== Source material

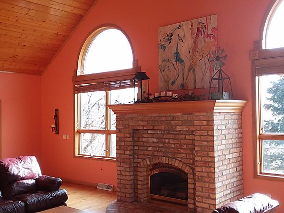 Spacious, beautiful custom brick home with views of Blue Mounds State Park and end-of-the-road privacy. Quick, easy access to 18/151 as well as the Military Ridge bike trail. The main floor has a living room with a fireplace and a 19-foot cathedral ceiling, kitchen with cherry cabinetry and two islands, dining area, guest room, full bath, master bedroom with a full bath, double closet, and walk-in closet, and a laundry/entryway. The loft has a full bath, bedroom, walk-in attic access and a tv area. The walkout basement has a family room with a fireplace and a wet bar, a bedroom, full bath, den, game room, storage and a large seond laundry. The home has 9-foot ceilings throughout and hickory flooring on the main floor. There's a large deck, a three-season porch, a patio, a covered front porch, full brick exterior, a two-car attached garage, and a small garage with an automatic door in the lower level. There is a productive pasture with a spring creek, equiabraid and wooden post fencing, a shelter for livestock and hay, and an automatic waterer.
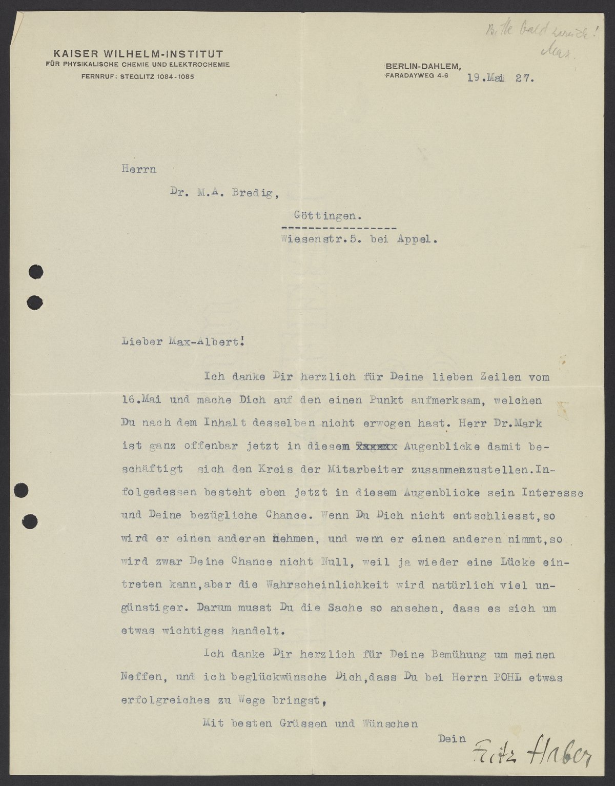 Letter from Fritz Haber to Max Bredig, May 19, 1927
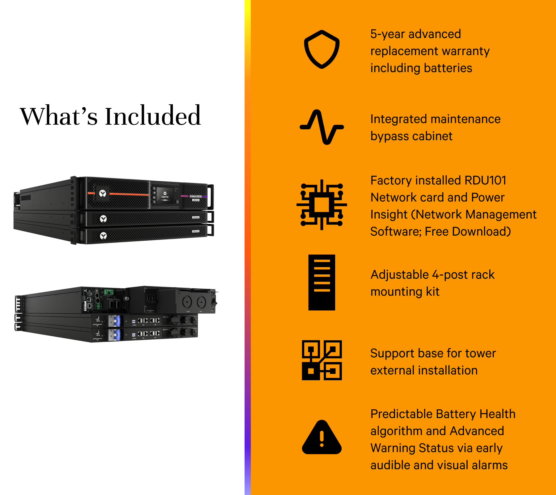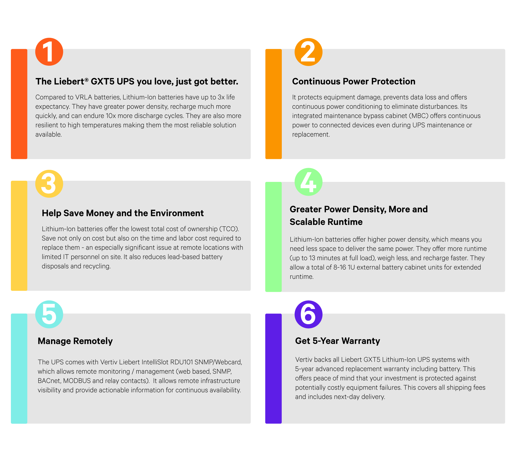 The Vertiv Liebert GXT5 Lithium-Ion UPS offers complete protection for the unique requirements of centrally managed IT assets in edge locations with limited trained IT/Infrastructure resources on-site. Where IT downtime can disrupt business and on-site personnel are unprepared to deal with service issues, this UPS delivers reliable and worry-free power protection. Its online double-conversion technology makes this it an ideal solution for network closets, server racks, customer tracking and security systems, and other critical equipment at the edge.

====

- What to work on -
Line by line, return the listing above exactly, leaving out its pictures.

- Task output -
 Spacious, beautiful custom brick home with views of Blue Mounds State Park and end-of-the-road privacy. Quick, easy access to 18/151 as well as the Military Ridge bike trail. The main floor has a living room with a fireplace and a 19-foot cathedral ceiling, kitchen with cherry cabinetry and two islands, dining area, guest room, full bath, master bedroom with a full bath, double closet, and walk-in closet, and a laundry/entryway. The loft has a full bath, bedroom, walk-in attic access and a tv area. The walkout basement has a family room with a fireplace and a wet bar, a bedroom, full bath, den, game room, storage and a large seond laundry. The home has 9-foot ceilings throughout and hickory flooring on the main floor. There's a large deck, a three-season porch, a patio, a covered front porch, full brick exterior, a two-car attached garage, and a small garage with an automatic door in the lower level. There is a productive pasture with a spring creek, equiabraid and wooden post fencing, a shelter for livestock and hay, and an automatic waterer.
 Letter from Fritz Haber to Max Bredig, May 19, 1927
 The Vertiv Liebert GXT5 Lithium-Ion UPS offers complete protection for the unique requirements of centrally managed IT assets in edge locations with limited trained IT/Infrastructure resources on-site. Where IT downtime can disrupt business and on-site personnel are unprepared to deal with service issues, this UPS delivers reliable and worry-free power protection. Its online double-conversion technology makes this it an ideal solution for network closets, server racks, customer tracking and security systems, and other critical equipment at the edge.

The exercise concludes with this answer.